Direct Comparison Profile
Roasted Coconut vs Black Walnut
We scientifically analyze the biological properties of Roasted Coconut and Black Walnut. Review the differences in macronutrients, vitamins, minerals, and our final nutritional verdict.
| Nutrient / Metric | Roasted Coconut (100g) | Black Walnut (100g) |
|---|---|---|
| Calories | 650 kcal | 654 kcal |
| Protein | 7g | 15.2g |
| Fats | 65g | 65.2g |
| Carbohydrates | 24g | 13.7g |
| Dietary Fiber | 9g | 6.7g |
| GIGlycemic Index | 45 | 15 |
| Water Content | 6% | 4% |
Nutritional Verdict
Based on nutrient-density scores (highly bioavailable proteins, soluble prebiotic fiber, and balanced glycemic metrics), Roasted Coconut is programmatically rated superior for structural cellular health.
Roasted Coconut
Roasted coconut is a nutrient-dense food that provides healthy fats, fiber, and essential minerals.
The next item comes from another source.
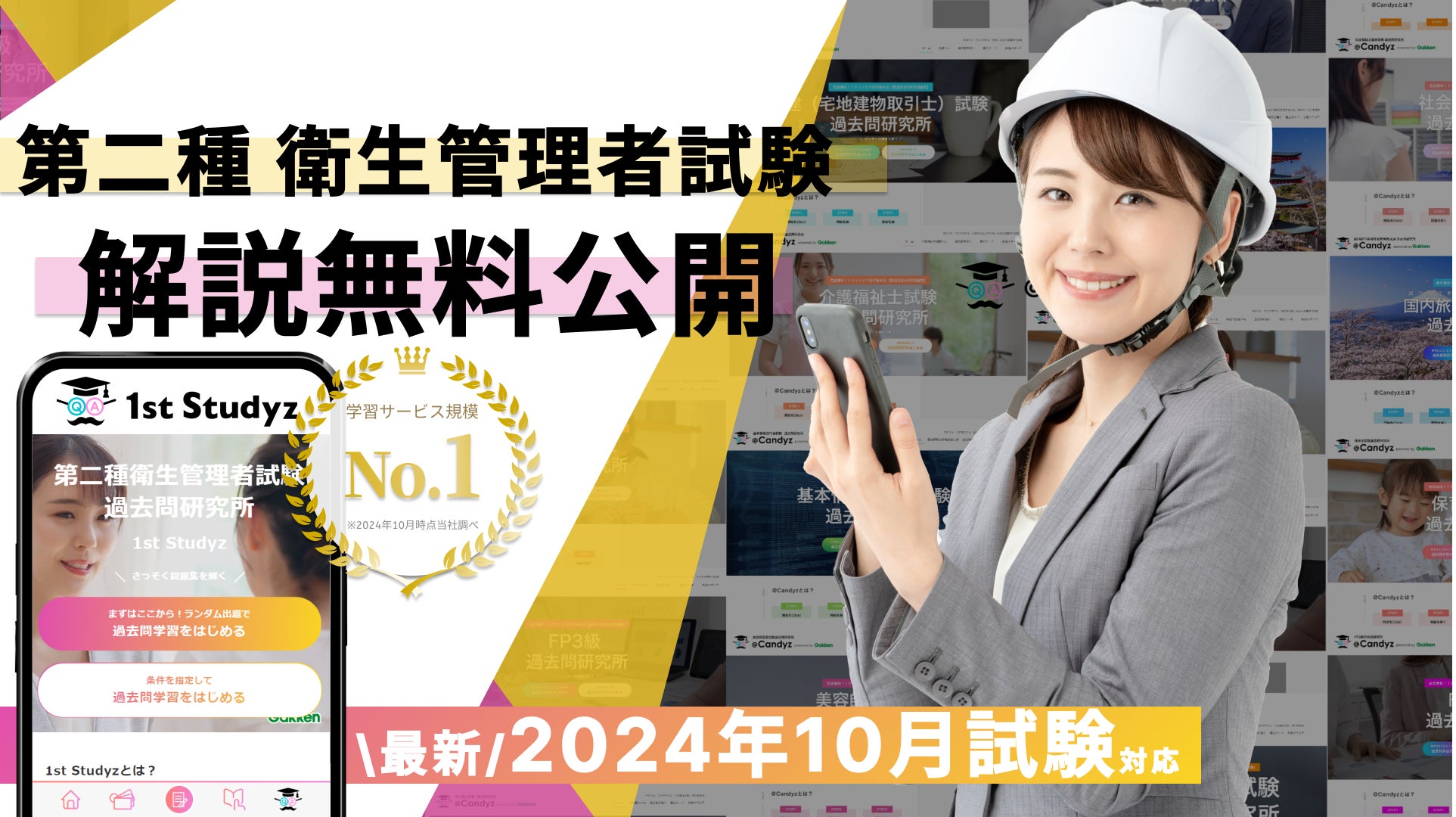 【17サービス7.7万問】が【すべて無料!】スキマ時間に学べる国内最大の資格学習プラットフォーム「1st Studyz」にて、「第二種衛生管理者試験」2024年10月公表分の問題と解説の公開を開始!

It is often enjoyed as a snack or used in various culinary applications.
•Rich in medium-chain triglycerides (MCTs), roasted coconut can support weight management and provide a quick source of energy.
•High fiber content aids in digestion and promotes a healthy gut microbiome.
Black Walnut
Black walnuts are a nutrient-dense nut known for their rich flavor and high antioxidant content, making them a valuable addition to a balanced diet.
•Rich in omega-3 fatty acids, which are essential for heart health and may help reduce inflammation.
•Contains high levels of antioxidants, which can help protect the body from oxidative stress and reduce the risk of chronic diseases.